Find "This app helps" in the listing below, then set down only that line and each later line, unchanged, leaving out pictures.
(DATA IN THIS EXERCISE begins)
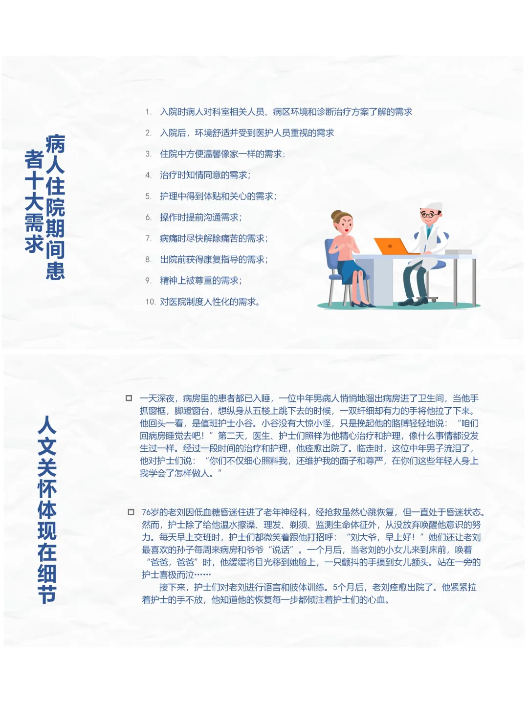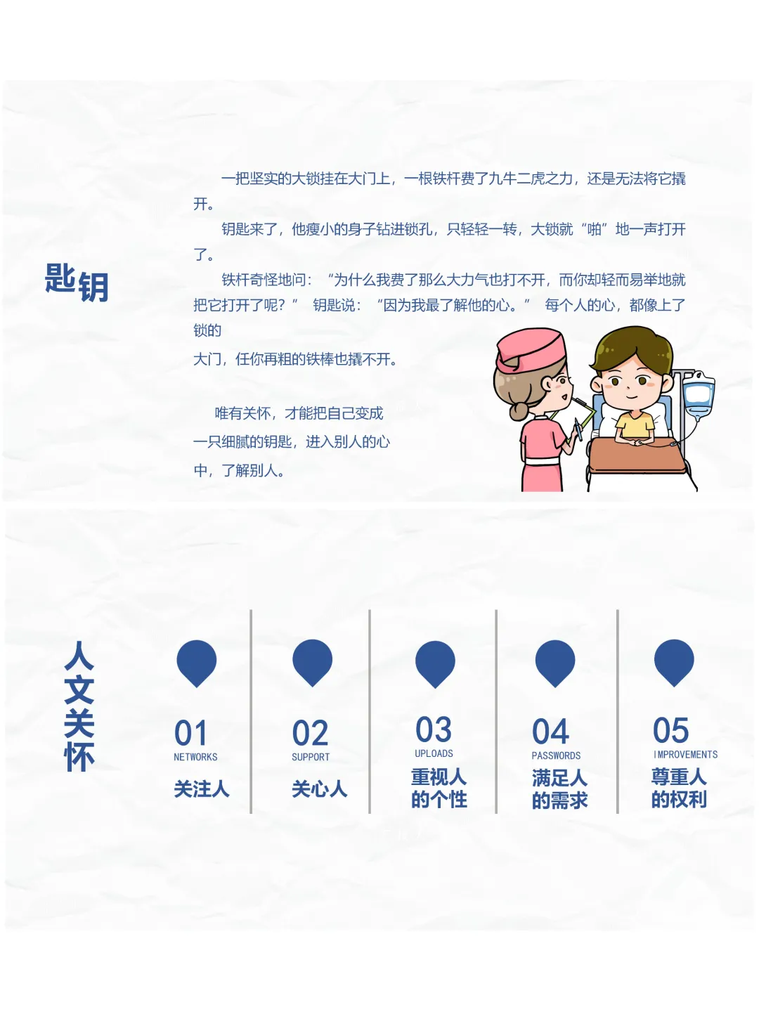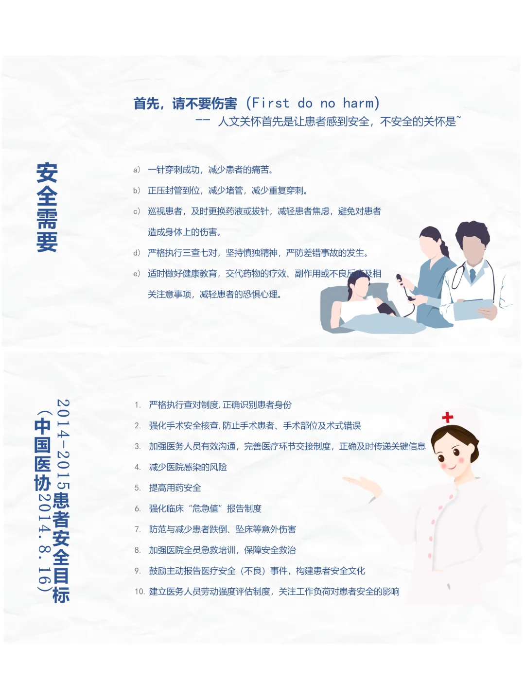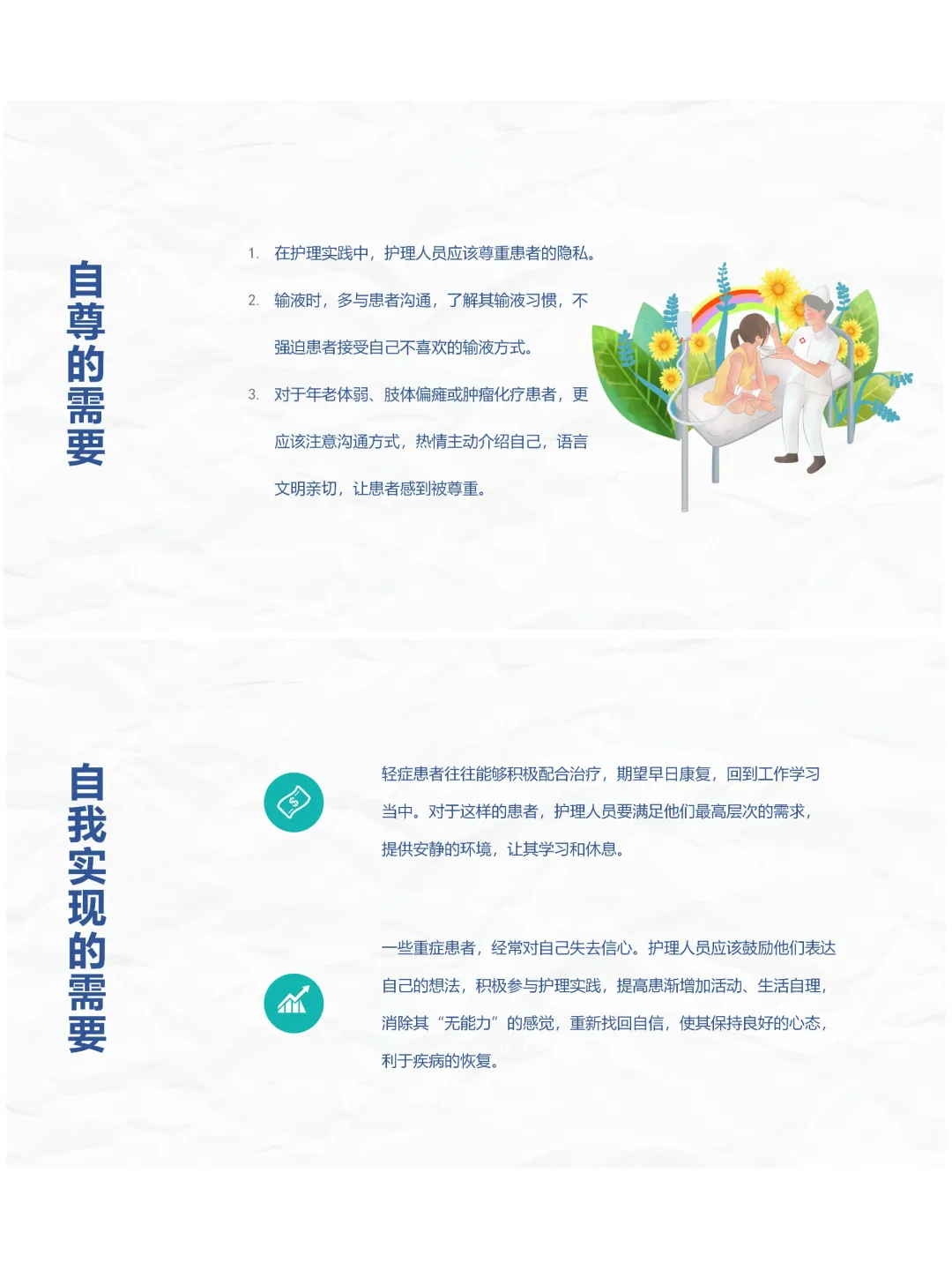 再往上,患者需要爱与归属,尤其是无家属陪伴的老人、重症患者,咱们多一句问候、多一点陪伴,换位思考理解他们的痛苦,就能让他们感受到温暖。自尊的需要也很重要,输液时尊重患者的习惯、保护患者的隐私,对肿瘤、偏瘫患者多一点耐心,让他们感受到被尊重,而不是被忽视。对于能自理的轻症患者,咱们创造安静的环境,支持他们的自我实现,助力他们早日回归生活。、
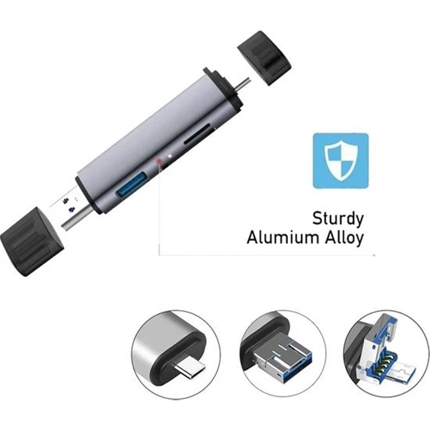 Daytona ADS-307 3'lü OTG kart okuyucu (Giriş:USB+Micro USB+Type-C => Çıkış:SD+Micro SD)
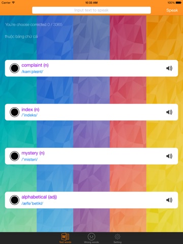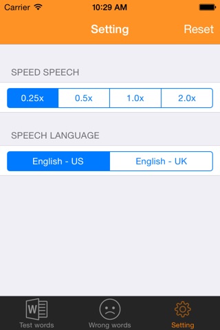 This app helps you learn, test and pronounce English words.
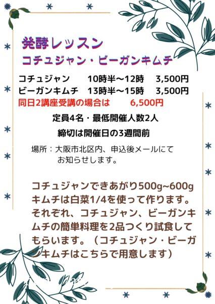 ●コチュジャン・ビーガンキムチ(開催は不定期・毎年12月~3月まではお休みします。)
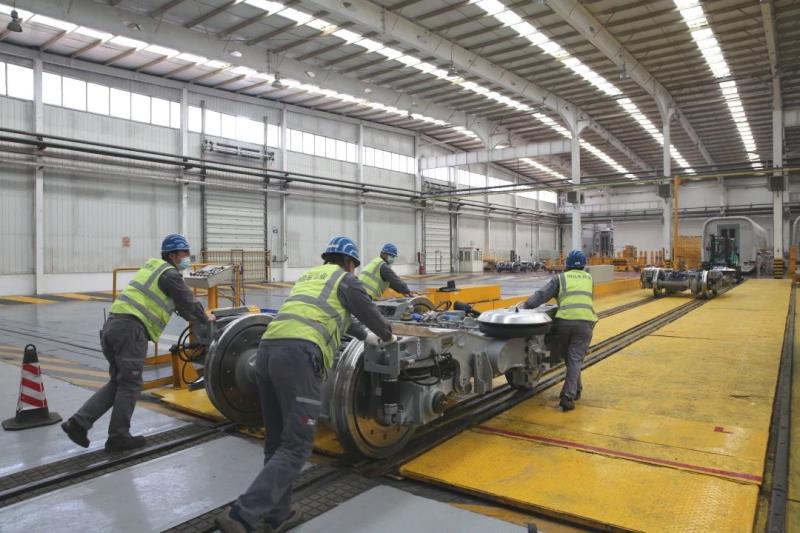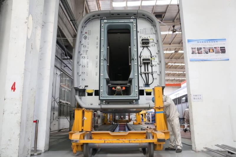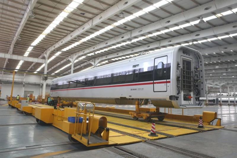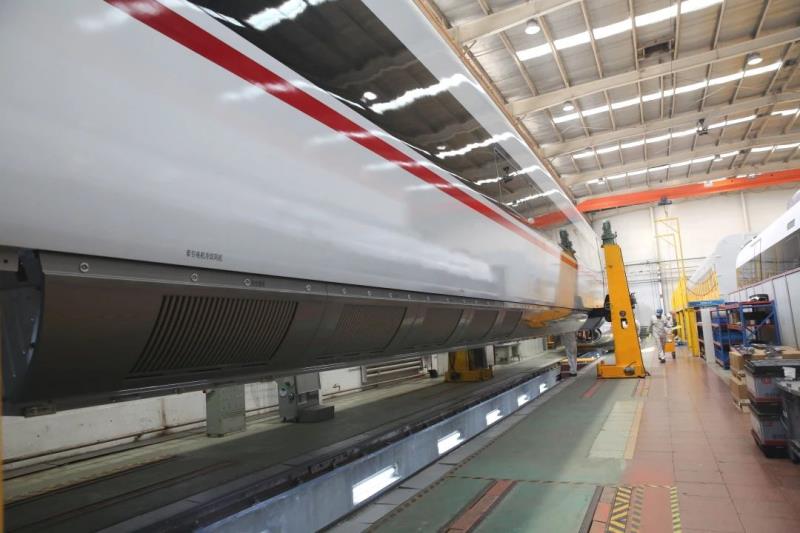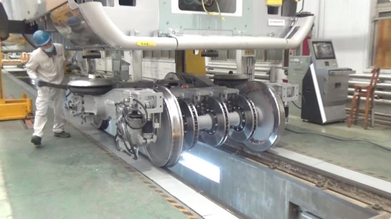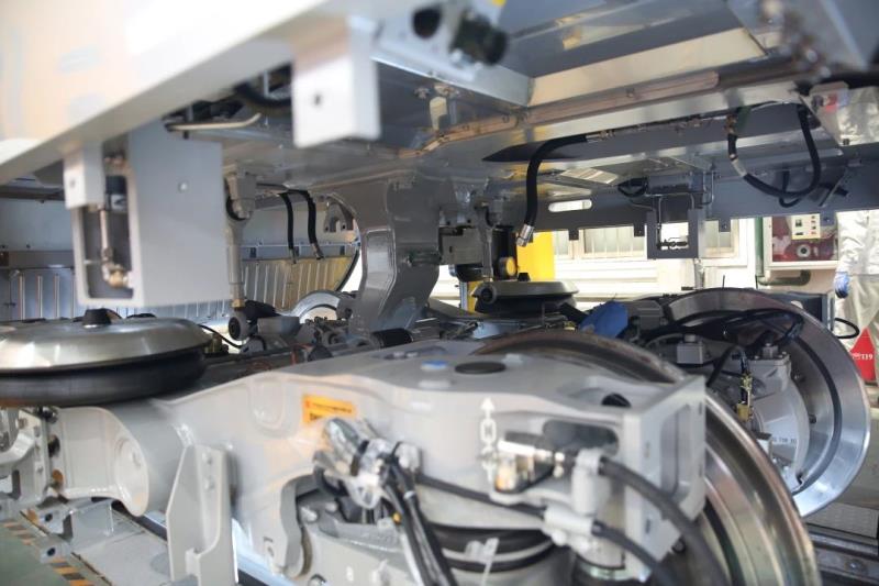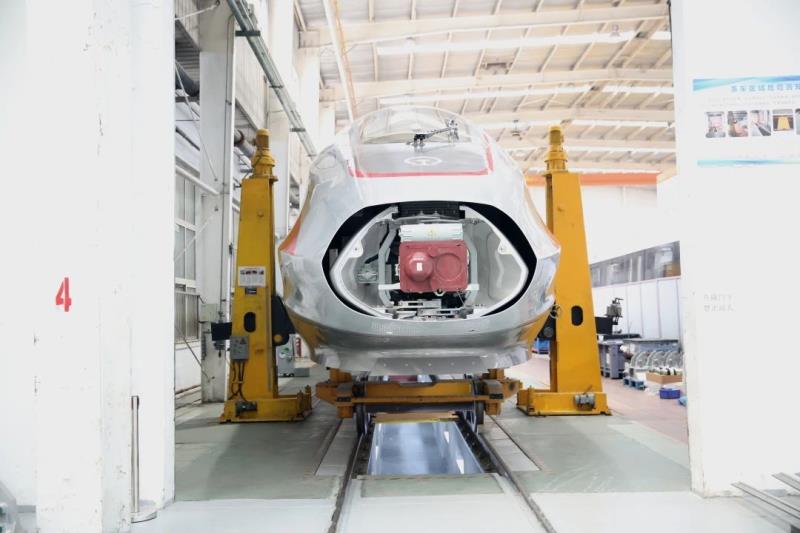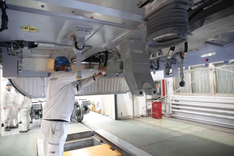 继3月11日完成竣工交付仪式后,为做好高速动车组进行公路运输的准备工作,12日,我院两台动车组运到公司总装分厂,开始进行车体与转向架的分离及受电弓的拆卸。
(DATA IN THIS EXERCISE ends)
▶ [RESULT OF THE EXERCISE]
 This app helps you learn, test and pronounce English words.
 ●コチュジャン・ビーガンキムチ(開催は不定期・毎年12月~3月まではお休みします。)
 继3月11日完成竣工交付仪式后,为做好高速动车组进行公路运输的准备工作,12日,我院两台动车组运到公司总装分厂,开始进行车体与转向架的分离及受电弓的拆卸。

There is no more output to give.